Depuis plusieurs années circule cet émouvant témoignage d’une mère en deuil. Il constitue un véritable mode d’emploi pour tous ceux qui ne savent plus trop comment se comporter avec nous, parents en deuil.
Merci à Dominique qui nous l’a transmis de Belgique, il y a un moment déjà.


J’aimerais que vous n’ayez pas de réserve à prononcer le nom de mon enfant disparu, à me parler de lui. Il a vécu, il est important encore pour moi, j’ai besoin d’entendre son prénom et de parler de lui. Alors ne détournez pas la conversation.

Si je suis émue, que des larmes m’inondent le visage quand vous évoquez son souvenir, soyez sûr que ce n’est pas parce que vous m’avez blessée, c’est sa disparition qui me fait pleurer, il me manque ! Merci à vous qui m’avez permis de pleurer ! Car chaque fois mon coeur guérit un peu plus.

J’aimerais que vous essayiez de ne pas oublier mon enfant, d’en effacer le souvenir chez vous en éliminant sa photo, ses dessins ou autres cadeaux qu’il vous a faits, pour moi, ce serait le faire mourir une 2ème fois.

Etre un parent en deuil n’est pas contagieux, ne vous éloignez pas de moi.

J’aimerais que vous sachiez que la perte d’un enfant est différente de toutes les autres pertes : c’est la pire des tragédies. Ne la comparez pas à la perte d’un parent, d’un conjoint, d’un animal.

Ne comptez pas que dans un an, deux ans, dix ans, je serai guérie, je ne serai jamais ex-mère de mon enfant.
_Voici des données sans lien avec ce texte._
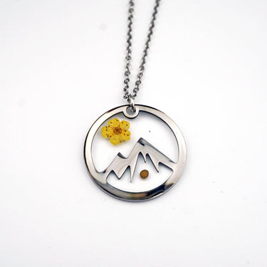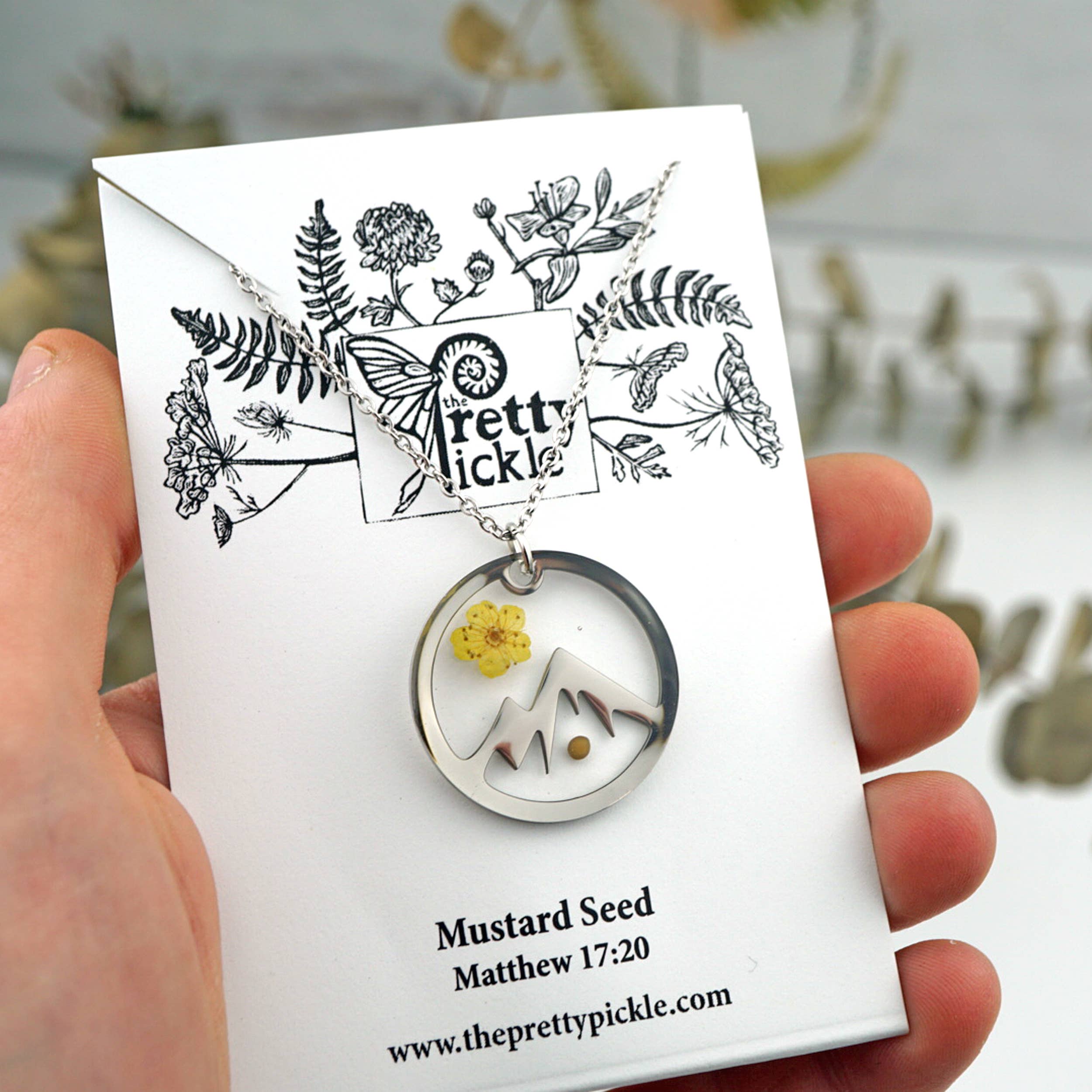 Mountain and Mustard Seed Necklace This awesome mountain range pendant features a real mustard seed and yellow pressed flower, encased in jewelry grade resin. The mustard seed often represents faith- if you have the smallest amount you can move mountains! Measures 1" in diameter and hangs on a 24" stainless steel chain.
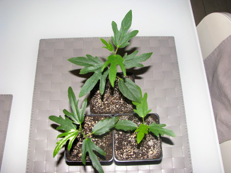 Мира, поживают хорошо, вымахали по метру высотой, листья верхние уже не такие резные, но пока не процвели, переукоренила верхушки, буду ждать цветов уже в следующем году
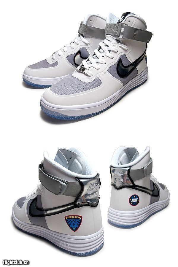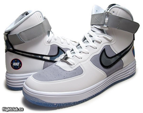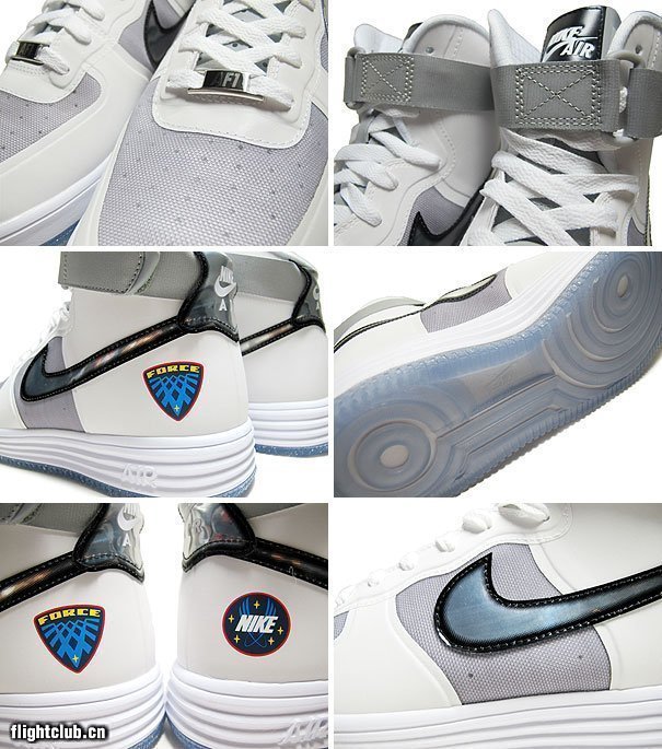 Nike Lunar Force 1 High Wow QS,鞋身由白灰两色搭配而成,鞋面上的Swoosh与后跟均采用反光材质打造。加上后根源自NASA标志的特别logo,整双鞋款颇有月球靴的感觉。此鞋现已发售,货号:632359-100-03。
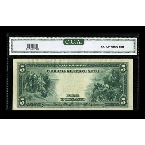 <B>Fr. 847a $5 1914 Federal Reserve Note CGA About Uncirculated 58.</B></I> A couple of faint bends are noted in the holder and the paper appears original.
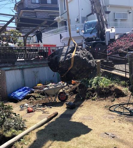 横浜市瀬谷区 大型重機による庭石撤去 施工事例
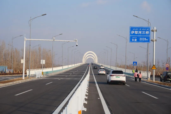 伊犁河三桥由中铁三局承建,坐落于伊宁市、可克达拉市与察布查尔锡伯自治县交会处,桥长2028米,桥宽23.5米,采用双向四车道一级公路兼城市主干道标准,设计时速60公里。大桥北起霍尔果斯经济开发区伊宁园区,南抵察布查尔伊犁河国家湿地公园北侧,彻底打通长期以来制约南北两岸的交通瓶颈,有机衔接多条干线,构建起高效畅通的区域路网,为加强新疆与中亚地区互联互通、服务国家战略注入新动力。

J’apprendrai à survivre à sa mort et à revivre malgré ou avec son absence.

J’aurai des hauts et des bas. Ne croyez pas trop vite que mon deuil est fini, j’espère que vous admettrez mes réactions physiques dans le deuil : peut-être vais-je prendre ou perdre du poids, dormir comme une marmotte ou devenir insomniaque, le deuil rend vulnérable.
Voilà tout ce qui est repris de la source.